Assigned task: Under this line is a listing; return exactly the lines starting at the one with "近日,伟德官网《管理学》课程" and running down to the one with "백테스팅 중... (short=7, long=25, stop_loss=7%)", and leave out its pictures.

Dataset:
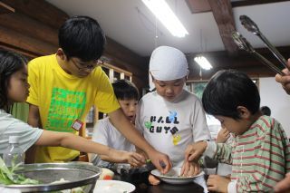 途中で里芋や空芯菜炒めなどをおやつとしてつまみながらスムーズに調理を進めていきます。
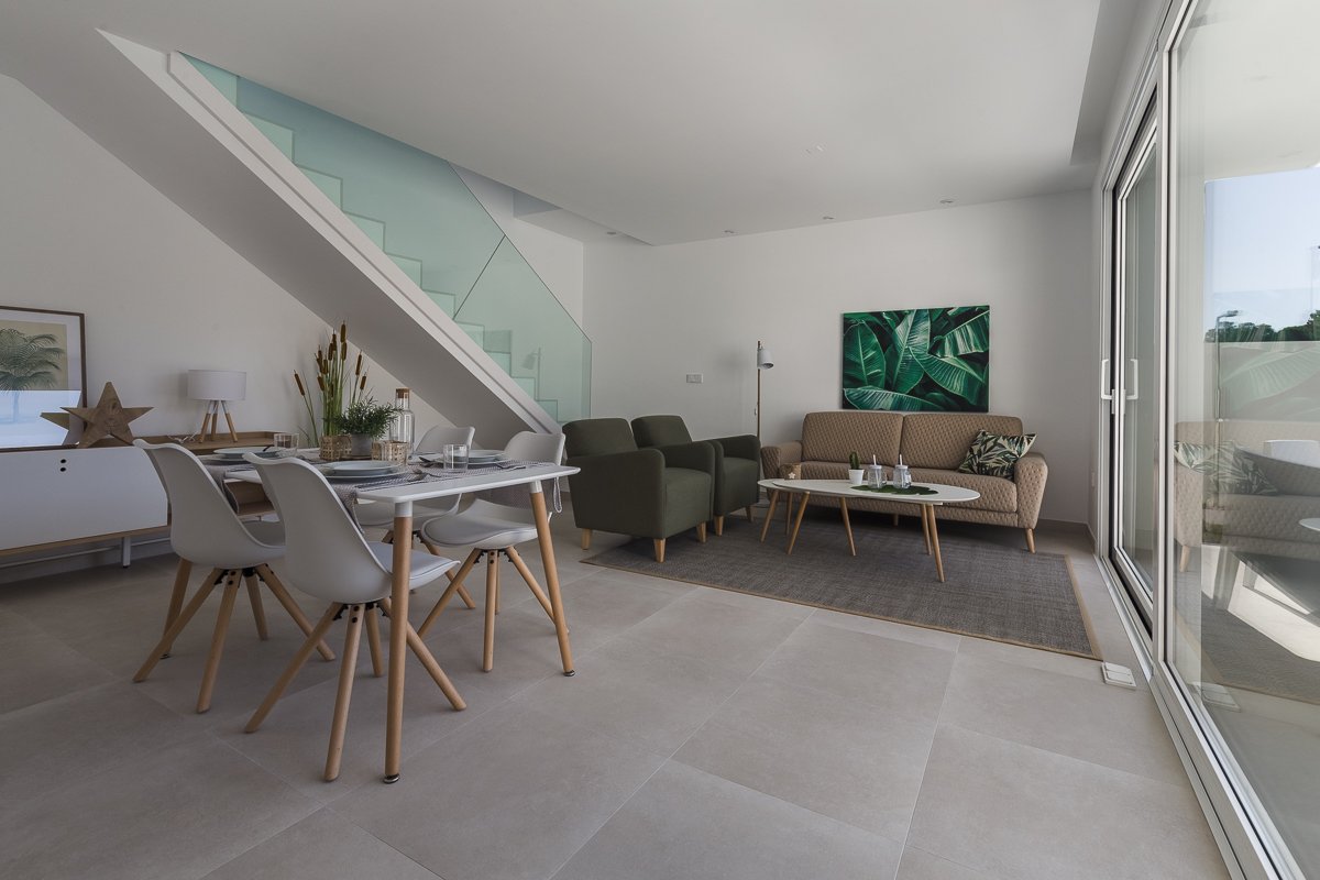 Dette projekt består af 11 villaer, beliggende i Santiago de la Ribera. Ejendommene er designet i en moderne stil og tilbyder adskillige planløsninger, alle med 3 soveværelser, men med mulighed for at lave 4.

...

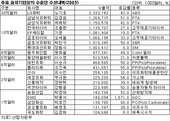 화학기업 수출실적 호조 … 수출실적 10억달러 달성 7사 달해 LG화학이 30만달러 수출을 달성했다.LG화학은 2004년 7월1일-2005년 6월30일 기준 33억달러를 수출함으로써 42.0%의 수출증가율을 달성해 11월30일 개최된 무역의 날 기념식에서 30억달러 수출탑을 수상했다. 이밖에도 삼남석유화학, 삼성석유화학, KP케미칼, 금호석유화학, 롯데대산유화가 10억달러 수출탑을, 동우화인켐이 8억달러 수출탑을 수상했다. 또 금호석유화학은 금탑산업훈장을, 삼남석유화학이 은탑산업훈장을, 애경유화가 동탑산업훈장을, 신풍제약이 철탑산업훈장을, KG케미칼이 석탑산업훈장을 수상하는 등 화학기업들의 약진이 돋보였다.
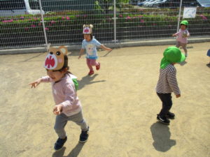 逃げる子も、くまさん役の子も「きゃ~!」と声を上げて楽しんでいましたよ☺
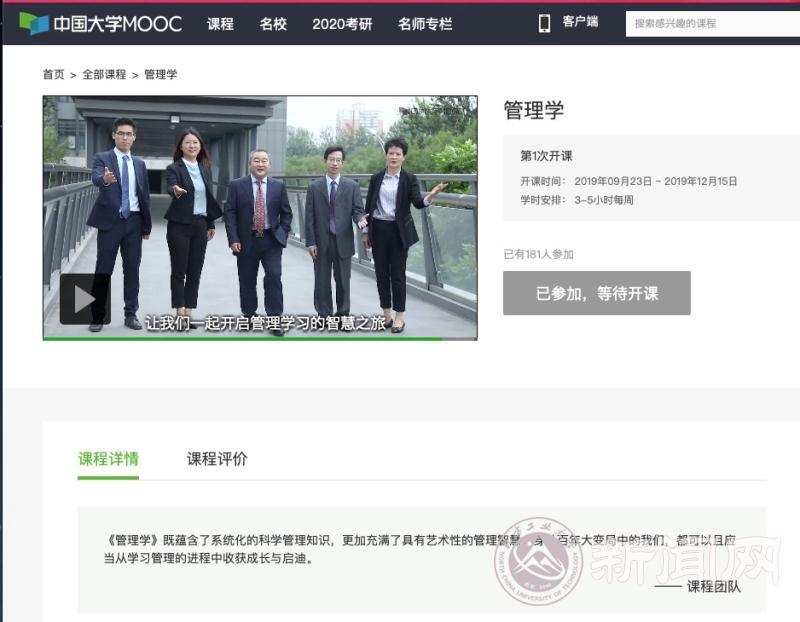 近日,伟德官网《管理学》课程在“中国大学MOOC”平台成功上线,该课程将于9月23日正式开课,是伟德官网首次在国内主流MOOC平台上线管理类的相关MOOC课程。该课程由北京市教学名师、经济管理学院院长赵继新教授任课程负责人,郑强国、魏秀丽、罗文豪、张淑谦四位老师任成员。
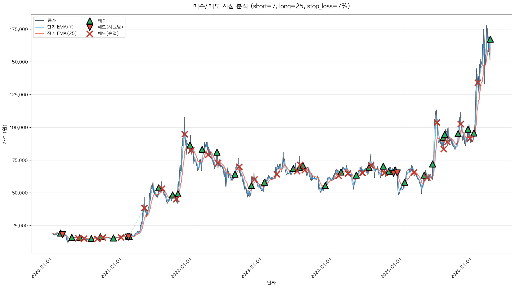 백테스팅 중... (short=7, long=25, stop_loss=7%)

--

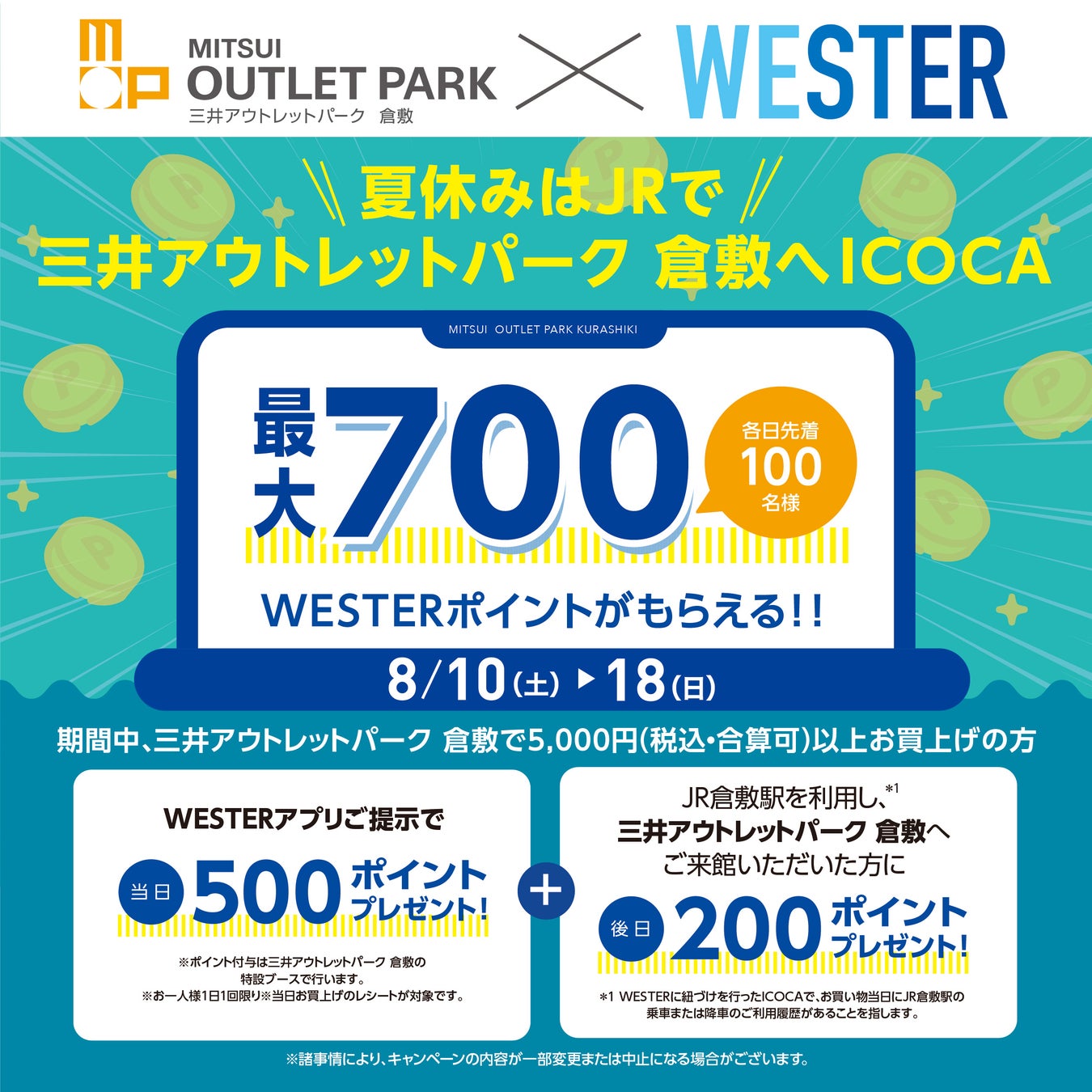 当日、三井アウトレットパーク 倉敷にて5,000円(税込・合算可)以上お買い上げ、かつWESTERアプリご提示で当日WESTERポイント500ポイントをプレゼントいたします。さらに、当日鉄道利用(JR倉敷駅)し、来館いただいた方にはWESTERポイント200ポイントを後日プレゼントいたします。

Answer:
 近日,伟德官网《管理学》课程在“中国大学MOOC”平台成功上线,该课程将于9月23日正式开课,是伟德官网首次在国内主流MOOC平台上线管理类的相关MOOC课程。该课程由北京市教学名师、经济管理学院院长赵继新教授任课程负责人,郑强国、魏秀丽、罗文豪、张淑谦四位老师任成员。
 백테스팅 중... (short=7, long=25, stop_loss=7%)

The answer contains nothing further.